Three Peaks and More Hype

I was reading some OEMs’ websites about 5G and LTE and it occurred to me that the Innovators’ Dilemma (a.k.a., “When New Technologies Cause Great Firms to Fail”) may be happening after all.

While the traditional OEMs are promising MiMO (multiple in, multiple out) and pinpoint accuracy on “beamforming”, I feel like some other spectrum strategies may win the day.

Let’s talk about the peaks and see if they match the hype.

Consumer Demand 

It was somewhat disappointing to see Mary Meeker’s recent analysis about access to the Internet being available to only a third of the world. Back in the days when the ITU dominated, the joke was that a third of the world was on the phone, a third was waiting for dial tone and a third didn’t own a phone.

While I am ready to concede that not every person will want constant connectivity, a third having access to the Internet seems low.

It also screams of infrastructure and cost problems. While I’m constantly getting updates about Africa’s build up, I’m not sure the pattern is not the same as we see from Jeff Cohn’s Dead Cell Zones. Carriers solve for density issues first, and often show the weakness of their architectures.

It’s very telling that the wireless industry is already hyping 5G. Many would say it highlights the demand. We could also say that it indicates how inadequate current architectures are for supporting the demand.

The problem is that the working capital to deploy 5G is not there. As has been said many times, Wi-Fi has saved 4G from embarrassment. Usage-based pricing may be more about managing demand than actual cost.

Enterprise Support

The next peak being discussed is all about virtualization with SDN and NFV.  All very cool technology, but I am not sure it fits into the problems faced with supporting enterprise mobility.

Mind you, I am not impressed with many MDM strategies either. While I have several partitions in my life, my ability to keep them separate is minimal. 

So I am a believer that application management is best done as close to the app itself. I had a good talk about this with Jim Kanir of Vox Mobile and expect I will be writing more about their perspective soon.

However, the vision that says we are going to extend the Enterprise at the network layer requires a lot more than virtualization.

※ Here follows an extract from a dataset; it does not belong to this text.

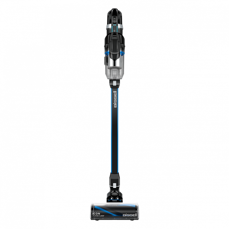 Az ICON TURBO™ 25V Li-Ion vezeték nélküli porszívó tökéletes megoldást nyújt az aktív életet élő családok otthonaiba. 400 W teljesítményű digitális motor + Turbo Boost funkció extra erőteljes tisztítást biztosít akár 50 perces üzemidővel a teljes porszívózásért alacsony teljesítményű üzemmódban, míg a szabadalmazott Tangle-Free Brush Roll gubancmentes kefe megakadályozza a hajszálak feltekeredését a kefére tisztítás közben. Az ICON TURBO™ továbbfejlesztett szegélytisztító* funkciója teljes szélességű beszívást nyújt a lakás sarkainak és szegélyeinek egyszerű tisztításához. Rugalmasan használható kézi vagy nyeles porszívóként, hogy eltávolíthassa a port és szennyeződéseket kárpitozott és egyéb bútorairól. Az erre tervezett szennyeződéstároló rendszer elkülöníti a törmelékeket, így nem kell a takarítás utáni tisztítással bajlódnia. A fényes LED-lámpa azokat a szennyeződéseket is megvilágítja, amelyek más porszívóval nem láthatók.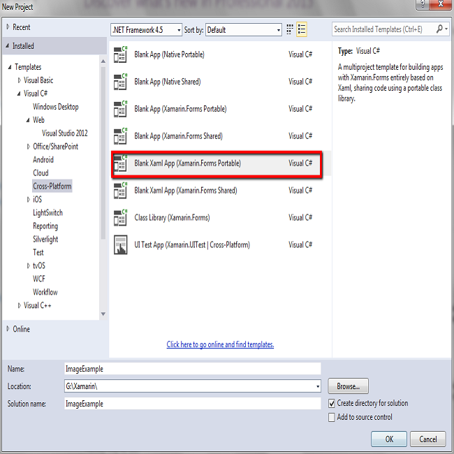 Click C# -> Cross Platform -> Cross Platform app (Xamarin.Forms.Portable).

It requires a common methodology that will not be developed as a result of carrier requirements.

The bottom line is, I once again can’t make the connection where the OEM solutions match to the demand being used to justify the investment.

Billions of Things 

As a way to manage sparse spectrum, Time Division Duplexing strategy has a lot of merit.  It more adequately manages data traffic and takes advantage of troughs in the bursts of data.  However, fifty billion devices are still noisy and as I have previously discussed, a calamity like an earthquake, storm or volcano all will make the sensors scream and the TDD will flood and crash just like any other strategy.

There is a need for an out of band control circuit (which defies the logic of moving to Internet technology in the first place).

The bottom line: we have a bunch of solutions that are supposed to solve our problems, but I think what we have is a bunch of vendors that have a hammer looking for a nail.